Если же задача формулируется всё же как-то иначе, тогда выгодней использовать AUFS, чем tmpfs. Во втором случае буду огромные расходы  на синхронизацию. AUFS, насколько помню, писался под похожие цели для Асус Еее, см. доки. Для tmpfs можно задействовать хелперы mount.<type-of-fs> ну переписать их и добавить, что нужно.

кратко - так  :Wink: 

----------

## TigerJr

 *alexdu wrote:*   

>  *yauhenl wrote:*   
> 
> собственно это и есть глобально.
> 
> хочу рабочую среду, которая работает очень быстро.
> ...

 

Да вопрос глобальный, сам размышлял над этим вопросом. 

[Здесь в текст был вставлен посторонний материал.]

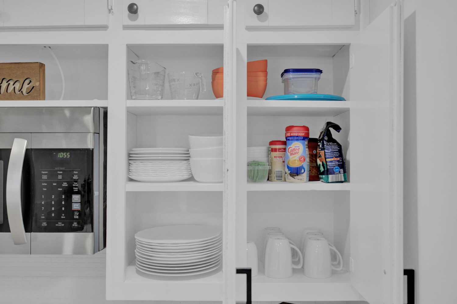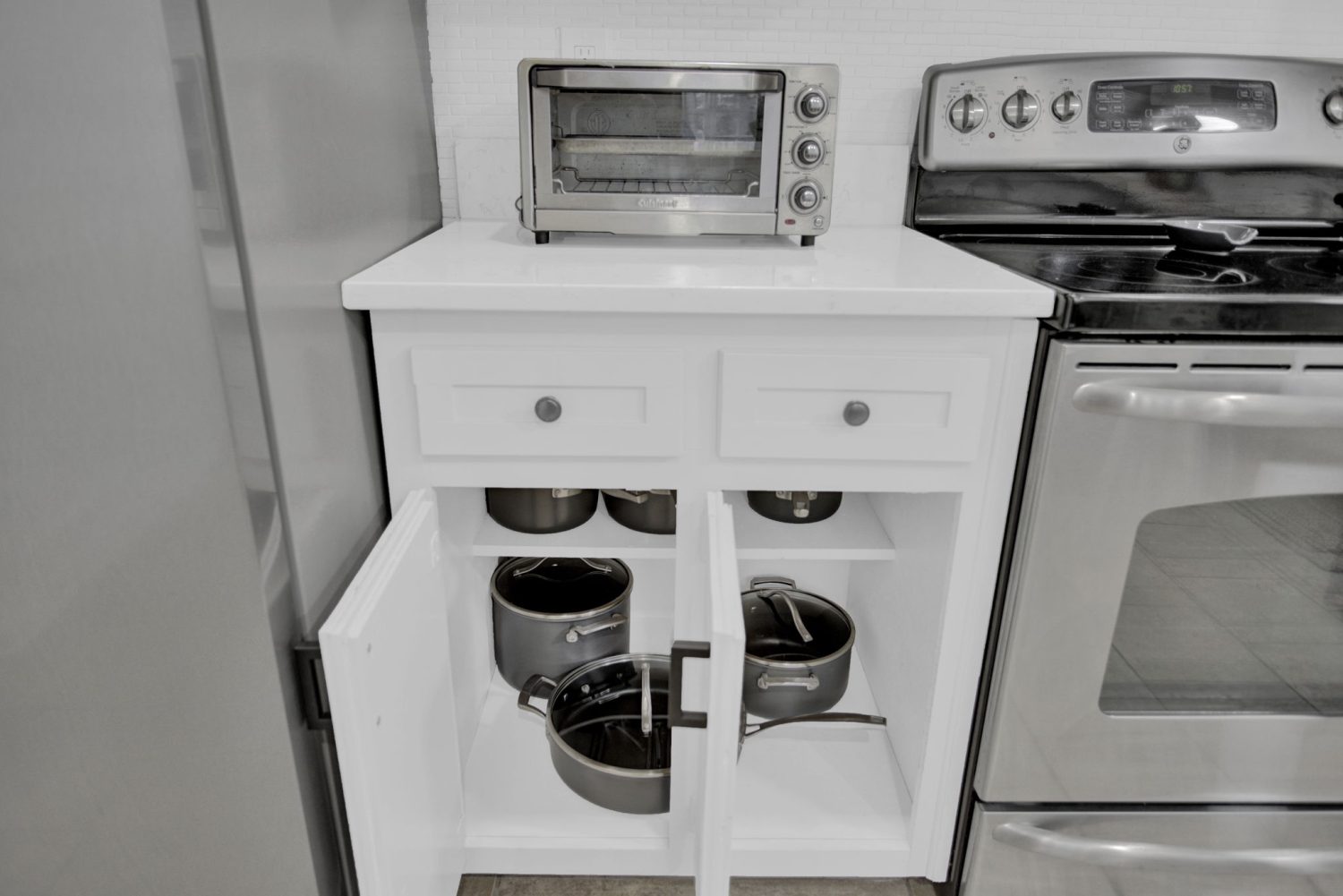 Fully Equipped Kitchen: Ready with all pots, pans, dishes, utensils, and a coffee maker, etc, making it easy to prepare home-cooked meals.

Начнем с малого. gcc(как будто ты часто его обновляешь!?) glibc(тоже самое что и gcc) kernel-sources(тоже самое что и glibc) kernel-headers как и другие headers(в /usr/includes ты к ним начинаешь обращаться только при сборке исходников а после этого зачем их хранить в оперативке??) и kernel-binaries(всегда там) смысла там хранить нет, как в принципе и дерево портейджей по причине редкого обращения к этим данным(мы не вносим изменения в них), в сравнении например с MySQL на сильно-нагруженном хостинге. 

Дальше-больше все демоны которых ты запускаешь при старте системы все необходимые библиотеки загружают в опреативку один раз, при старте системы и больше демоны к диску могут не обращаться.

MySQL и так все часто-используемые таблицы хранит в оперативке. 

Попробуй начать с малого - перевезти для начала раздел /var и запустить FTP посмотришь будут ли проблемы с правами доступа. А потом установи vsftpd и  попробуй закачать файл по сети в оперативку.

Gnome, KDE и другие рюшечки, а ведь признайся, их ты хочешь туда запихнуть!? Дык вод, ОНИ УЖЕ ТАМ!!! Потому что они "запускаются"

СОВЕТ - Используй Ramdrive для этого. Создаешь блочный девайс нужного тебе объёма в оперативке и монтируешь в нужный cебе раздел напр /var

P/S А думаешь стоит игра свеч?

PS/2 Если вопрос ты решил, отпишись как реализовал и в названии темы поставь [РЕШЕНО]

----------